Michael Gerson on Climate Change

Michael Gerson has some interesting and useful comments on the solution to climate change in the Washington Post:

In 1975, Los Angeles exceeded the ozone standard 192 days out of the year -- meaning the choking smog was so bad that children, the elderly and the infirm were better off avoiding the risky practice of outdoor breathing. In 2005, the ozone standard was exceeded on just 27 days. Los Angeles has had 30 years of consistent improvement in reducing smog.

As conservatives would expect, these gains were largely the result of technology -- the catalytic converter in automobiles and reformulated gasoline -- and not by pedaling to work or undoing the Industrial Revolution. Smog was reduced mainly by innovation, not austerity.

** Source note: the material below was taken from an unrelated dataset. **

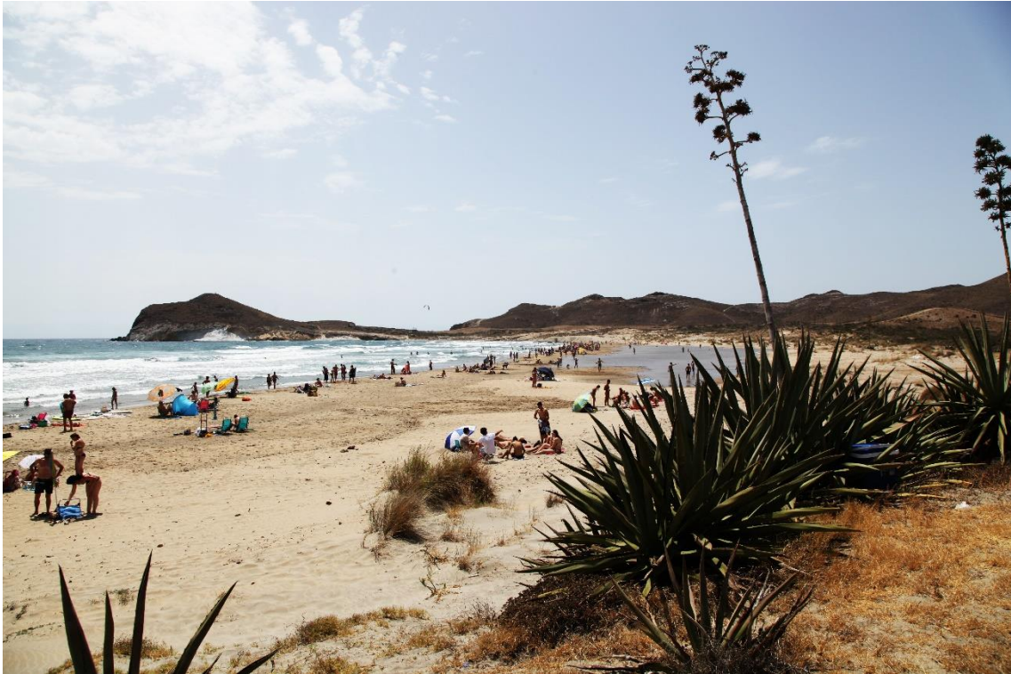
Fotografía 12.11: Bahía de Los Genoveses, desde el norte, tras la noche del 2 al 3 de agosto de 2015, en la que se formó la charca, con un cielo que adquiere las tonalidades azules propias de un tiempo de levante. Este marco forma parte de los atractivos para la oferta de las casas-vivienda de los cortijos próximos del pasado reciente como casas rurales. Captura del 3 de agosto de 2015

But liberals are correct about something else: This technological progress would not have taken place as a result of the free market alone. Easterbrook argues that as long as producing pollution is a free good -- without cost to the polluter -- there is little economic incentive to produce new methods to restrict it. Federal and state regulations on auto emissions and air quality created an environment in which the invention of new technologies was economically necessary.

There are lessons here in the controversy over global warming. The debate is less and less about the existence of the problem itself. A consensus has hardened and broadened that global temperatures are increasing, that humans have contributed to the rise and that this is eventually a bad thing for the planet -- views held by the environmental movement and publicly affirmed by the current president. The differences come on whether these environmental changes are likely to be gradual and manageable or swift and apocalyptic. Here, the scientific computer simulations are complex and speculative, and their conclusions are sometimes wildly overplayed.

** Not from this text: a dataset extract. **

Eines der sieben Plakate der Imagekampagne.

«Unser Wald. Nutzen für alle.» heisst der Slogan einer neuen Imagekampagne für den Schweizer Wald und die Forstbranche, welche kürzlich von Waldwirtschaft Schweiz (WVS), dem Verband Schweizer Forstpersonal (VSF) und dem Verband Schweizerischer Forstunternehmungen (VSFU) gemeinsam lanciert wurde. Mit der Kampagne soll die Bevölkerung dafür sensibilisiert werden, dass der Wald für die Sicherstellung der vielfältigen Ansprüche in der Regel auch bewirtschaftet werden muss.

Hysteria on the environment is a liberal temptation. Prudence, however, remains a conservative virtue, and it requires the issue of warming to be addressed.

But is it addressable? Would any politically feasible policy changes by Congress and the president make a dent in this trend? There is good reason for skepticism. American emissions of greenhouse gases such as carbon dioxide are only part of a global problem. China and India are quickly building new coal-fired power plants to sustain massive economic growth. According to one estimate, China surpassed the United States in the production of greenhouse gases last year. We are only at the beginning of globalization -- and right now, that process is inseparable from the burning of fossil fuels. American restrictions on greenhouse gases, in isolation, would not be decisive.

This is not, however, an excuse for inaction. There is another, more compelling reason to consider a cap on the production of carbon dioxide. As in the case of fighting Los Angeles smog, this type of government regulation would create economic incentives for the development of new technologies -- incentives that do not exist in the free market. Capturing and storing carbon dioxide from power plants, by all accounts, is a difficult technical challenge. But the problem is much more likely to be solved if someone has a direct economic interest in solving it.



Read it all here.

Given the experience in Europe, I remain deeply sceptical about cap and change proposals. I think that a carbon tax (coupled with a rebate to make the system revenue neutral) is a far more effective solution. Still, a cap proposal appear to be the only politically viable option right now, and some action is better than none. And, more importantly, i am happy that Gerson and I are arguing over the solution instead of the existence of the problem.